OH has always been concerned with protecting and promoting the health of
workers, but due to limited resources in many countries, occupational health
professionals needed to prioritise their time and activities. Protection from
workplace exposures took priority. But increasingly, employers are recognising
that any health complaint that interferes with attendance or performance at
work, whether it is caused by work or not, is of concern to them. If there is a
better way of managing those problems, such as some health education activity,
they are willing to support this.

How can OH nurses deliver this expansion of the role to employees,
particularly in poorer countries with competing costs, without reducing the
attention paid to preventing occupational accidents and disease?

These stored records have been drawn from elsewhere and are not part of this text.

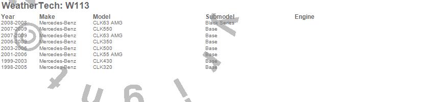 Below is an abbreviated list of applications for the All Weather Floor Mats.CLK320, CLK350, CLK430, CLK500, CLK55 AMG, CLK550, CLK63 AMG, Mercedes-Benz, 2009, 2008, 2007, 2006, 2005, 2004, 2003, 2002, 2001, 2000, 1999, 1998
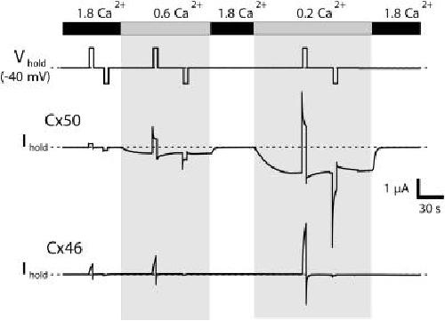 Figure 1. Membrane currents in Xenopus oocytes expressing Cx50 (middle) and Cx46 (bottom) respond differently to changes in external calcium. MND96 solutions with external Ca2+ concentrations of 1.8, 0.6, and 0.2 mM were applied to oocytes voltage clamped at −40 mV (Vhold). A pair of 5-s voltage steps, one depolarizing to +50 mV and one hyperpolarizing to −110 mV were applied at each Ca2+ concentration. Reducing external Ca2+ led to the development of a progressively larger inward current at Vhold in Cx50-expressing oocytes that was accompanied by progressively larger currents in response to both polarities of applied voltage steps. In contrast, little or no change in current at Vhold or in response to hyperpolarizing voltage steps were observed in Cx46-expressing oocytes upon reducing external Ca2+. However, currents elicited by the depolarizing steps were progressively larger as Ca2+ was reduced, consistent with the effects of Ca2+ previously described (Ebihara and Steiner, 1993).
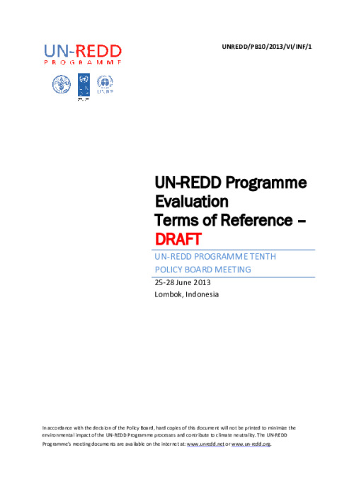 Home Document Library UNREDD_PB10_External Evaluation ToR_DRAFT_EN UNREDD_PB10_External Evaluation ToR_DRAFT_EN Mon, 10 Jun, 2013 Download the resource Format: application/pdf Size: (0.271 MB) download Filed under: Tags Draft Programme Eval TOR Category Empty Related publications View all Foundation documents 23 May, 2025UN-REDD Programme Developer 23/05/2025 - Document Download English 21 May, 2025UN-REDD Programme Draft UN-REDD 2026-2030 Strategy Download English 21 May, 2025UN-REDD Programme Draft Monitoring and Evaluation Framework UN-REDD 2026-30 Download English
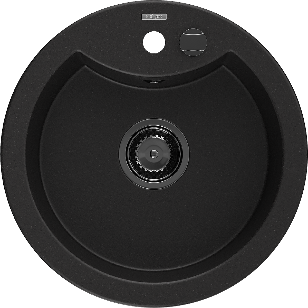Mexen Diego akmens masės vienos dalies plautuvė 488 x 480 mm, juoda, sifonas juodas - 6512481000-77-B
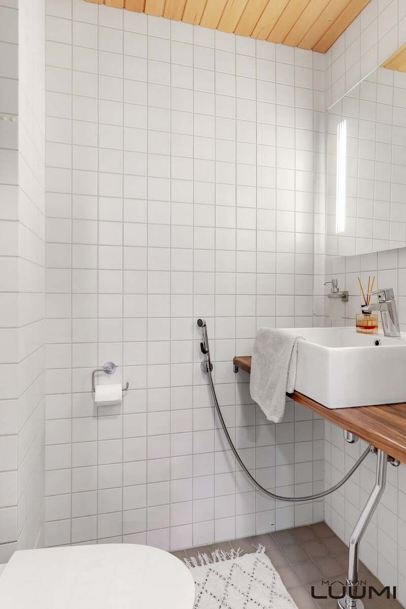 | Kuvaus: | WC-istuimen lisäksi bideesuihku, käsienpesuallas ja peili. Lisäksi WC-istuin toisessa kylpyhuoneessa. |
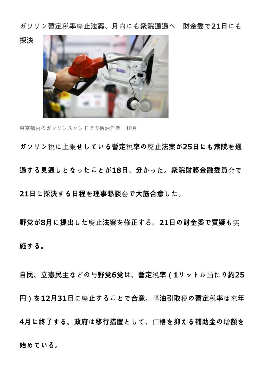 ガソリン暫定税率廃止法案、月内にも衆院通過へ 財金委で21日にも採決 pic.x.com/hDcUkXWiwY
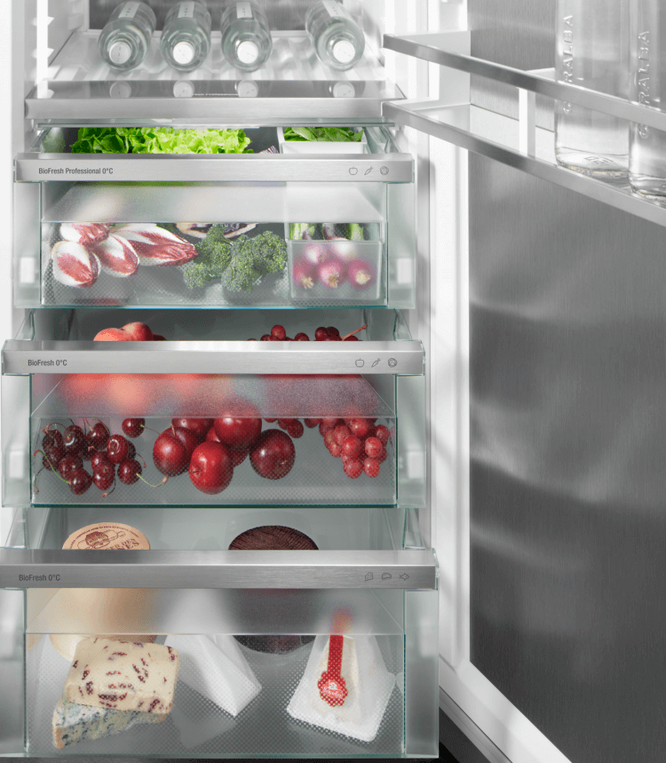Het SmartSteel interieur met LightTower en Ambient verlichting wordt optimaal verlicht. In de BioFresh Professional laden op

Inherent in the role of the OH nurse is the skill to assess the real and
perceived needs of working populations and therefore, the ability to prioritise
actions to address the key problems. OH nurses tend to be resourceful people
and this applies whether they are in rich or poor countries or in rich or poor

When you talk about competing costs in poor countries, it is important to
recognise that OH can probably do more in those poorer and developing countries
to help reduce costs than they can sometimes do in highly mechanised and
well-developed countries.

Although outside the scope of this WHO report, if you placed most OH nurses
in the working conditions found in some factories, mines or manufacturing sites
in poorer countries who are undergoing rapid industrialisation they would
quickly save those organisations money by helping to prevent occupational
accidents and disease. They could also help those societies having to pay for
lifelong disabilities caused by unsafe working conditions, often by simple
interventions such as machine guarding or by providing healthcare at the
workplace where it does not exist in the community.

Why are OH nurses identified in the report as being ‘essential’ to the
success of workplace health management?

OH nurses form the single largest group of health care professionals
involved in delivering occupational health. They are the professionals who can
actually deliver services and with their high degree of expertise and skill are
able to take forward a health agenda with management that closely matches the
needs of the organisation in which they work.

Occupational health nurses do not just deliver a programme designed by
others, they are the professionals who can take a concept and make it a reality
at the workplace. That’s why to be successful any workplace health strategy
needs them.

The report seems to reflect what is happening in OH in countries where OH
nursing practice is at its most advanced. Is there also an implication that
other countries should develop their services along the same lines?

I think the document does try to reflect what occupational health nurses in
some countries have achieved and this provides a useful landmark against which
OH nurses can consider their own practice. Occupational health nurses have
raised the standards of their professional education and training and, in many
organisations, have emerged as the key figure involved in the delivery of
quality OH services.

The report also provides European policy-makers in decision-making positions
with some information on the broad range of skills and roles that their OH
nurses could become involved in. But I do not think that the report could, or
should be used to set standards for different countries, as this is a complex
and difficult area to work in. The preparation of OH nurses throughout Europe
varies tremendously for example; the health care culture, legislation and
social expectations are very different.

We in occupational health need to understand more about the variations and
why they exist before we can start to advise others about what to do.

Have you any general aspirations that you hope this report will achieve?

I hope this document will be useful to help raise the profile of OH nurses,
and to create more of an ongoing discussion about occupational health

In fact, discussions have already started between OH nurses in Europe
concerning the next document that we want to write about OH nursing. We intend
to keep OH nursing firmly at the top of the agenda.